WAF(Webアプリケーションファイアウォール)マネージドルールについて
WAF(Webアプリケーションファイアウォール)マネージドルールについて
WAFマネージドルールはドメインへのWebリクエストを監視し、お客さまが有効にしたルールセットに基づき、不要なトラフィックを除外します。
本記事の内容
概要
Cloudflare WAF(Webアプリケーションファイアウォール)の機能であるマネージドルールはHTTP GETリクエストとPOSTリクエストの不審なアクティビティを識別し、削除します。
マネージドルールが識別する 悪意のあるコンテンツの例:
- コメントスパムでよく使われるキーワード(XX、ロレックス(Rolex)、_バイアグラ(Viagra)_など)
- クロスサイト スクリプティング攻撃(XSS)
- SQL インジェクション(SQLi)
マネージドルールは、Proプラン、Businessプラン、Enterprise プランの Cloudflareにプロキシされるサブドメインでご利用いただけます。

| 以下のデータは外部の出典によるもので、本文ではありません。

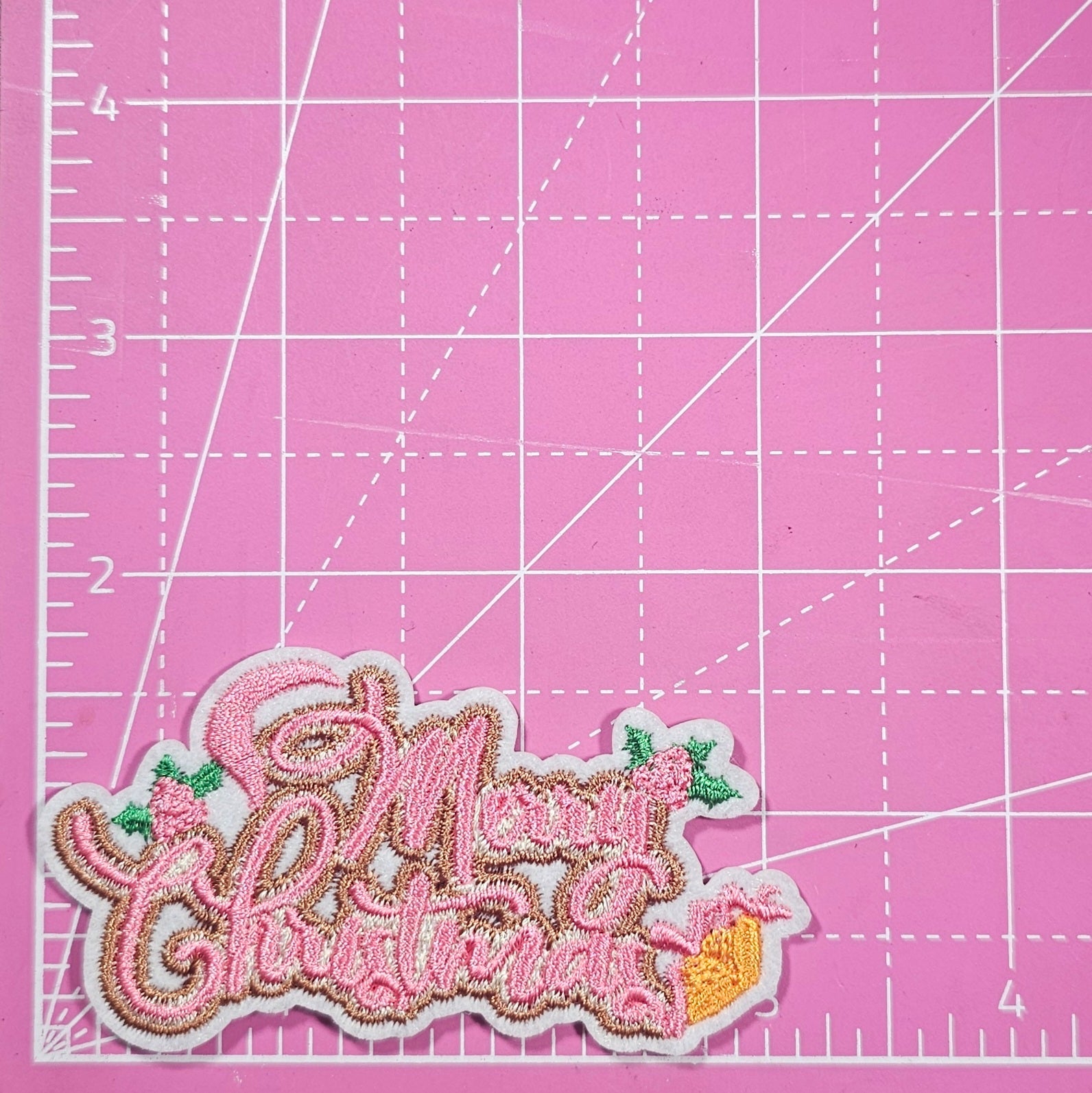 Merry Christmas Pink Holly Jingle Bells Small Embroidery Iron On Patch

セキュリティ>WAF>マネージドルールでマネージドルールの設定を管理してください。マネージドルールには3つのパッケージがあります。
- Cloudflare 管理ルールセット
- パッケージ:OWASP ModSecurity Core Rule Set
- お客様のリクエストによるルールセット
ブロックした脅威は、ファイアウォール分析アクティビティログで確認できます。セキュリティ>概要からアクセスします。
考慮すべき重要事項
- マネージドルールは、遅延の制限を導入しています。
- WAFマネージドルールの変更をグローバルにアップデートするためにかかる時間は、約30秒です。

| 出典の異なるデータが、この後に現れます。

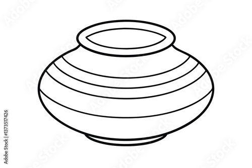 Striped Pottery Vessel Ancient Clay Jar, Water Container, Outline Drawing

- Cloudflareではトラフィックのフィルタリングに独自のルールを採用しています。
- WebSocketを確立しても、後続のリクエストに関するマネージドルールはトリガーされません。
- マネージドルールがJSONレスポンスを解析し、APIで対象となる脆弱性を特定します。JSONペイロード解析は、128KBに制限されます。

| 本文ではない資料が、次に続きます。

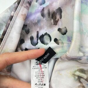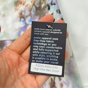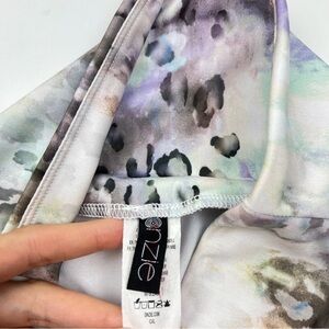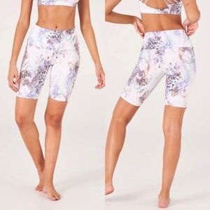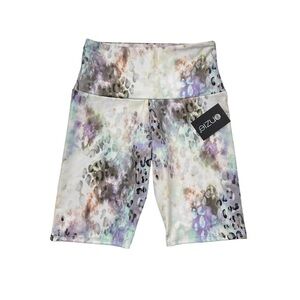 NWT Onzie Animal Quartz Printed High Rise Bike Shorts. White multicolor. Watercolor pastel. Mid length thigh. Stretch. Polyester spandex blend. Brand tag crossed out see photos. Size Small/Medium. Size S/M. Waist: 12" across. Rise: 11". Inseam: 9". (888)

- マネージドルールは、パディングテクニックを軽減します。当社では、以下をおすすめしています。
- ルール_100048_をONにしてください。このルールは現在、パディングタイプの攻撃から保護しますが、デフォルトでデプロイされていないため、お客様の環境で多くの誤検知を引き起こします。しかし、お客様がマネージドルール設定をチューニングすることは大切です。Cloudflareはより良いソリューションに向けて長期的に取り組んでおります。
- より大きなペイロード(> 128 KB)をブロックするためにヘッダーおよび/またはボディを確認する必要がある場合は、Expression Editorを利用してファイアウォールルールを1つ作成してください。これは誤検知を生成しやすいため、はじめに_Log_モードでファイアウォールルールをテストしてください。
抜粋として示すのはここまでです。